An alternative to noise mask based detection tasks is a discrimination task using a control that has been scrambled in such a manner as to reduce recognition performance. By offsetting the path of each dot of the PLW by a random number of frames, the PLW is phase-scrambled. This control corrupts the temporal relationships between dots but preserves the local motion of the dots. Because the local motion trajectories of the stimulus and control are the same any discrimination must arise from the relationship between the component motions (i.e. motion integration). Such a control is widely employed within the literature (Ahlström, Blake, & Ahlström,
1997; Bertenthal & Pinto,
1994) and prevents the organization of the constituent dots into a walking person by destroying the internal coherence and phase relations of the dots, while maintaining the temporal and spatial characteristics of each individual dot at a local level. This task also allows for much shorter display durations than a noise mask task, allowing the variations in the gait cycle to be studied in greater detail. The contributions of static form and motion integration to biological motion processing can also be assessed by comparing performance against static presentations of the same discrimination task.

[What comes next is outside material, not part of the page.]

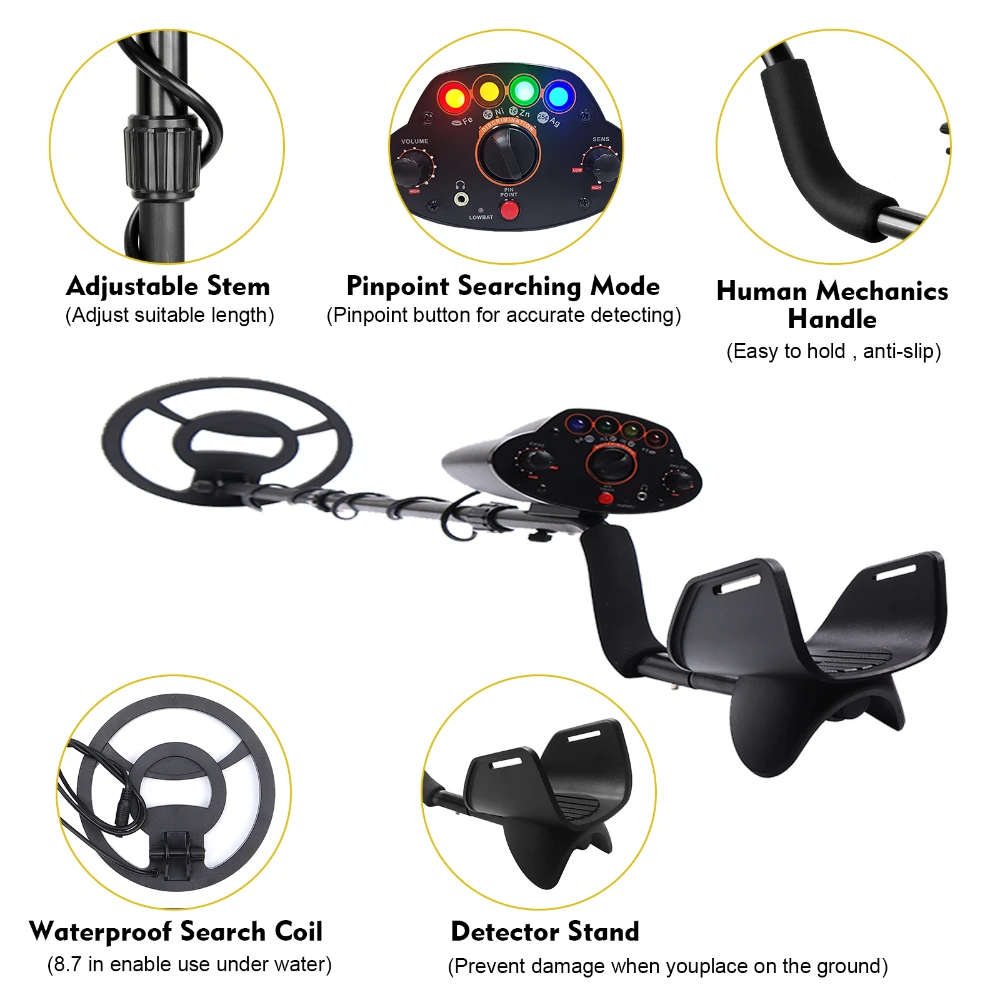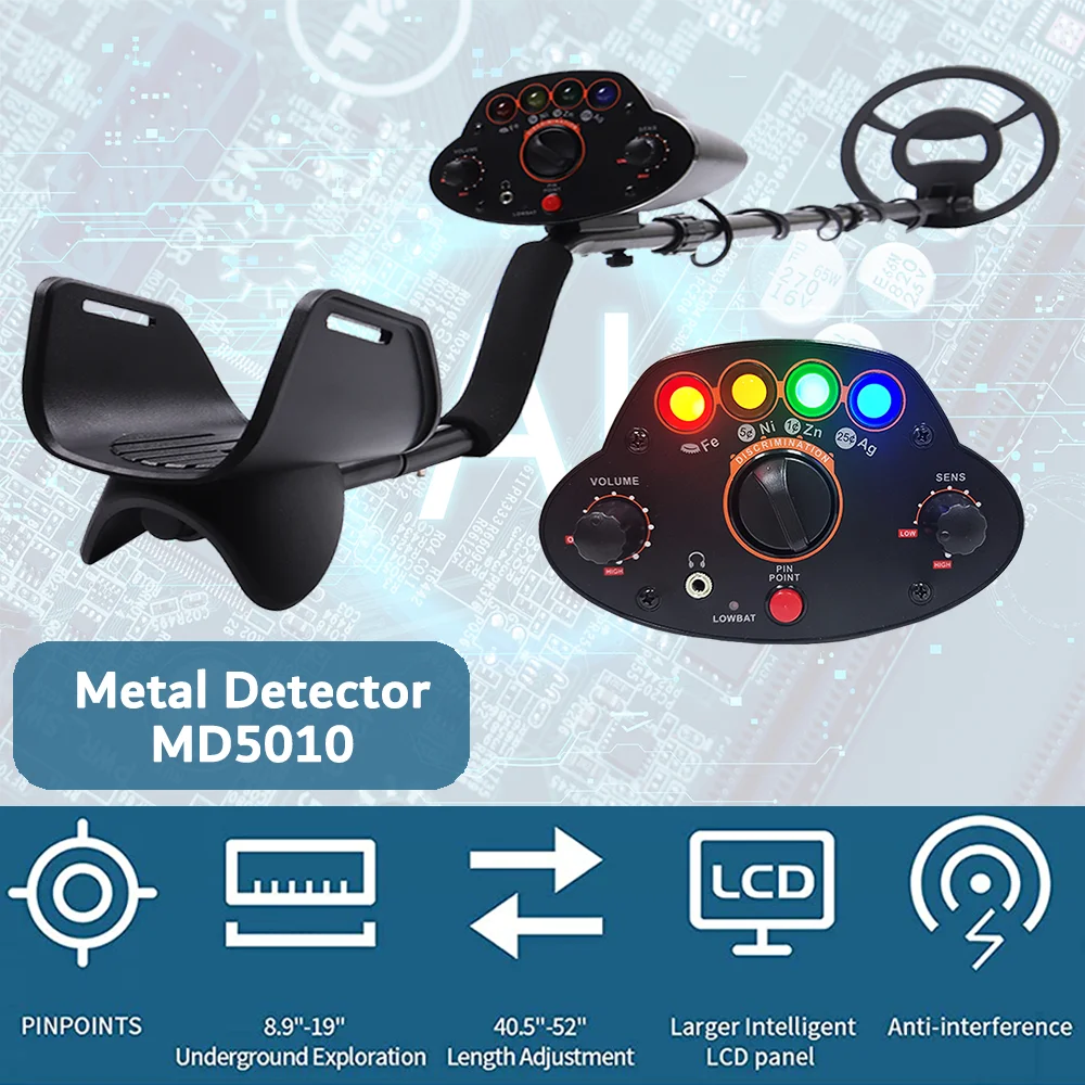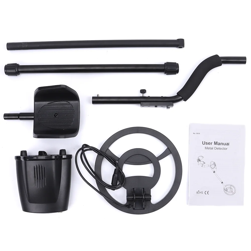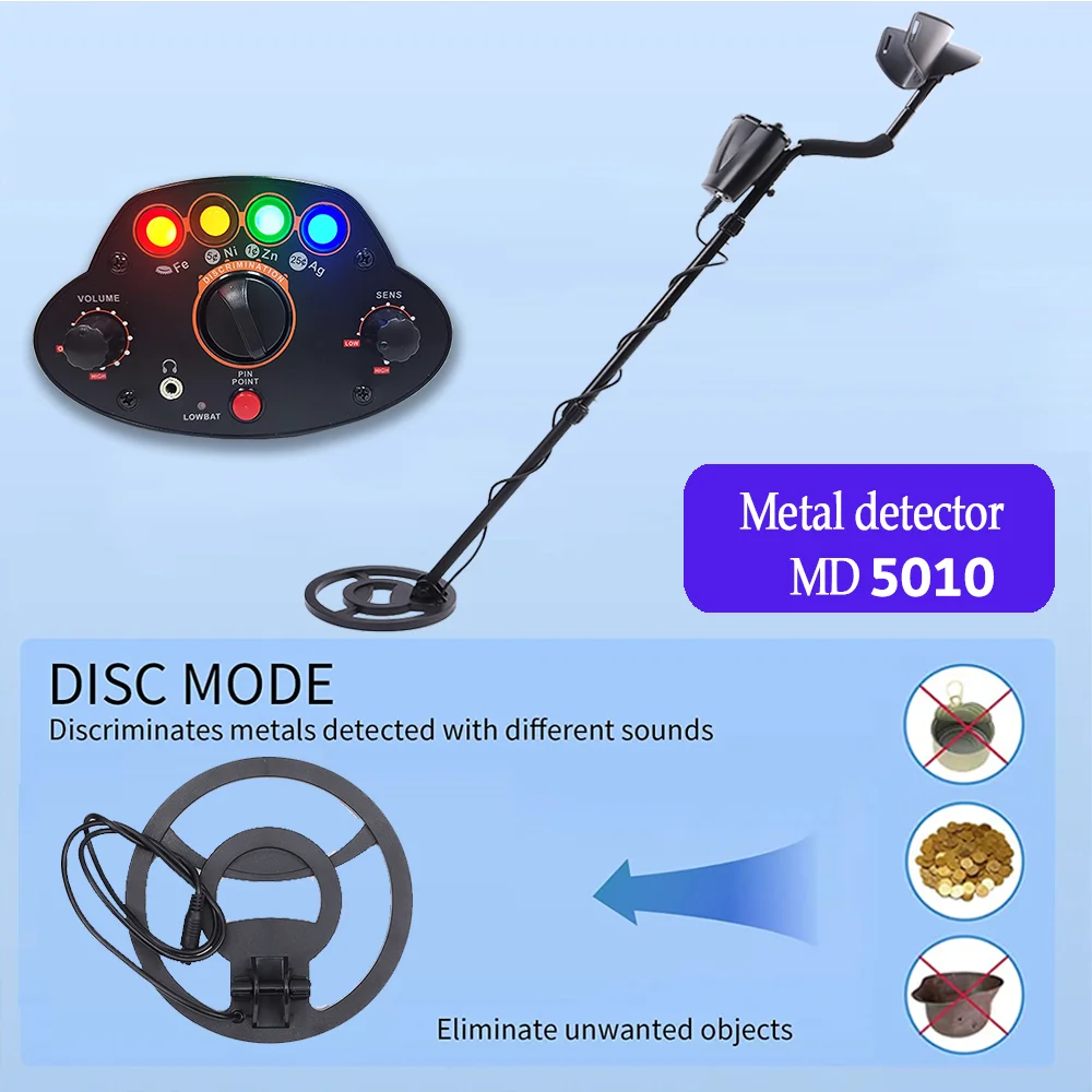 [Easy to assemble and use] Our Metal detector can be easily assembled and used just by connecting the coil and the control box through the adjusting rod. Forget about the complex LCD screens and functions. Update the MD5010 Metal detector to emit beep and flash light of corresponding color when locating metal. The detection depth can reach 6 inches (approximately 15.2 centimeters), used for placing small coins and metal objects.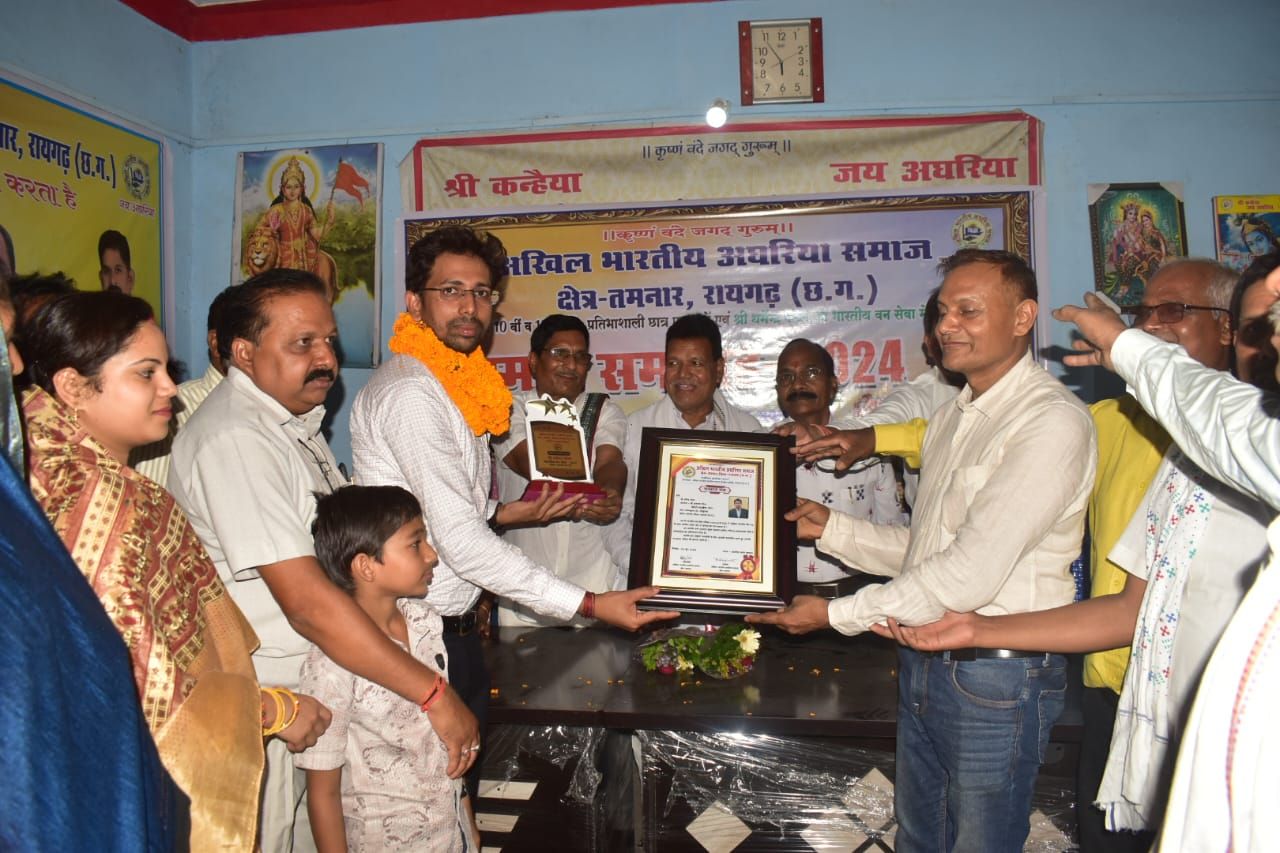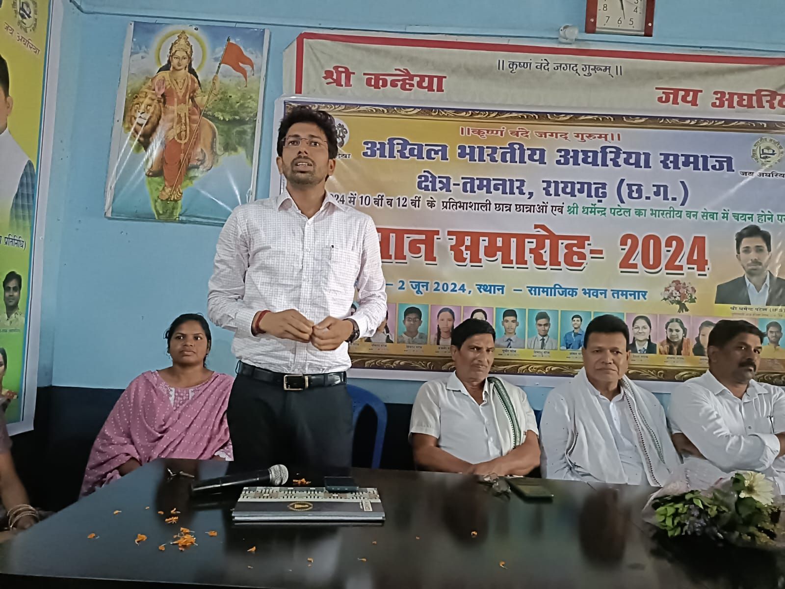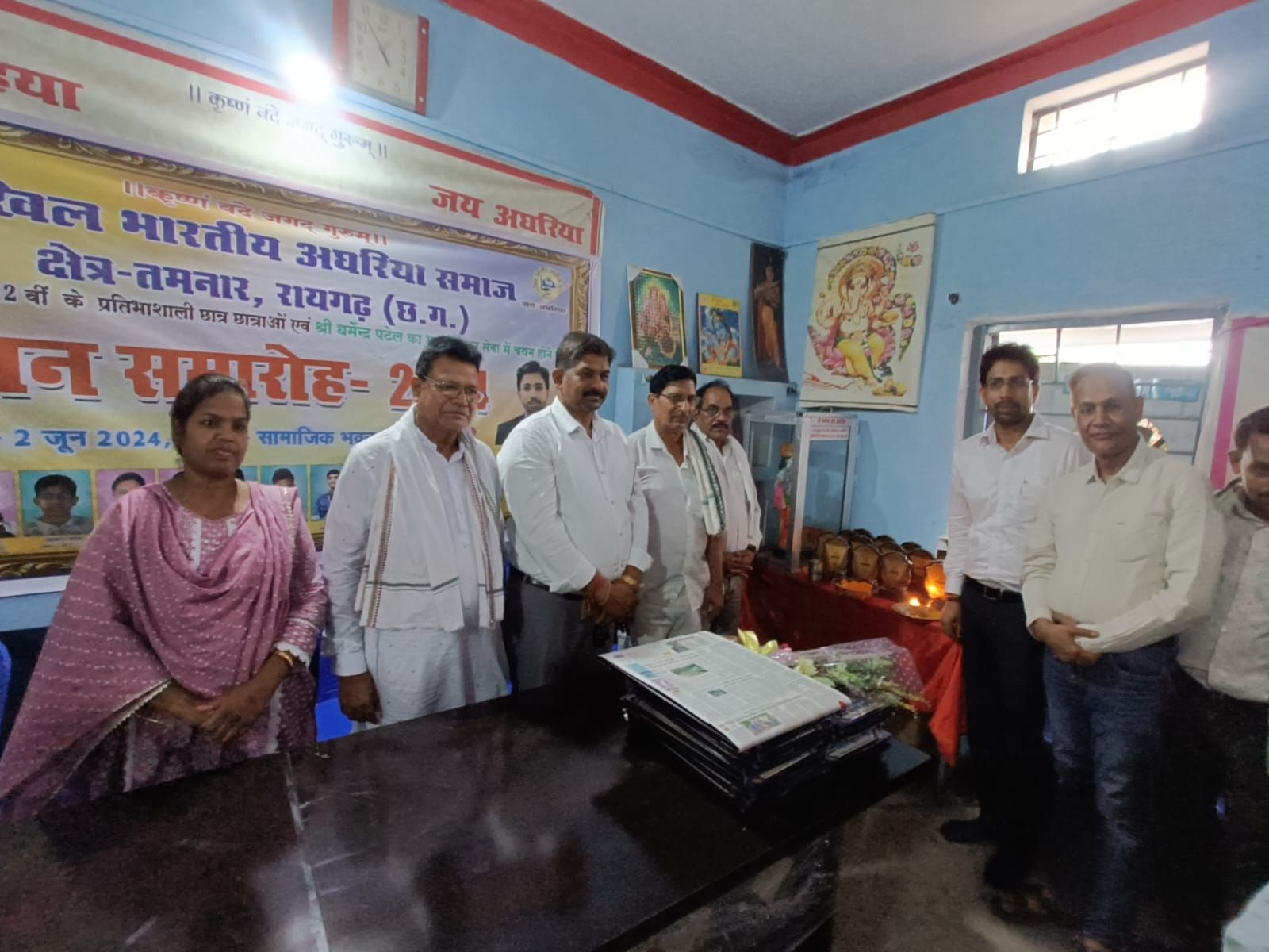 अखिल भारतीय अघरिया समाज क्षेत्र तमनार द्वारा 2जून रविवार को अघरिया सदन सामाजिक भवन तमनार में यादलाल नायक जी की अध्यक्षता में भारतीय वन सेवा के लिए चयन ऑल इंडिया लेवल 92 वां रैंक धर्मेन्द्र पटेल जी की मुख्य आतिथ्य में वर्ष 2024 में 10 वीं व 12 वीं के 90 प्रतिशत से अधिक अंक वाले प्रतिभाशाली छात्र छात्राओं को अभिनन्दन पत्र स्मृति चिन्ह भेंटकर सम्मानित किया गया।

The reported temporal detection limit of 200 ms for a PLW (Johansson,
1976) is considerably shorter than the duration of a full gait cycle. Therefore, to prevent ceiling effects in PLW tasks, presentation times are regularly limited to a fraction of the total cycle. Common practice dictates that the portion of gait cycle displayed in any experimental interval is randomized throughout the experimental task. However recent research suggests that the form inherent in biological motion displays is a crucial source of information for human performance (Hiris,
2007; Lange, Georg, & Lappe,
2006). The periodic changes in form throughout the gait cycle present an opportunity to test the assumption that the strength of form information remains constant throughout the gait cycle. The following experiments were designed to address these issues. Our experiments examined the detection and discrimination of biological motion in briefly presented segments of gait cycle.
Our results may indicate that the perception of biological motion may be driven by form information, and that static form is supported by form expressed through integrative motion signals. However, we find that the choice of task affects this relationship, and therefore conclusions should be drawn cautiously. Different experimental designs and different actions could potentially lead to different interpretations of the relationship between form and motion information in the PLW. Biological motion, as represented by the PLW, is a complex visual stimulus and the types of information within are highly interrelated. Methodological details can dramatically influence the findings; and our results demonstrate the importance of using a number of approaches, and the convergent evidence they produce, to study biological motion.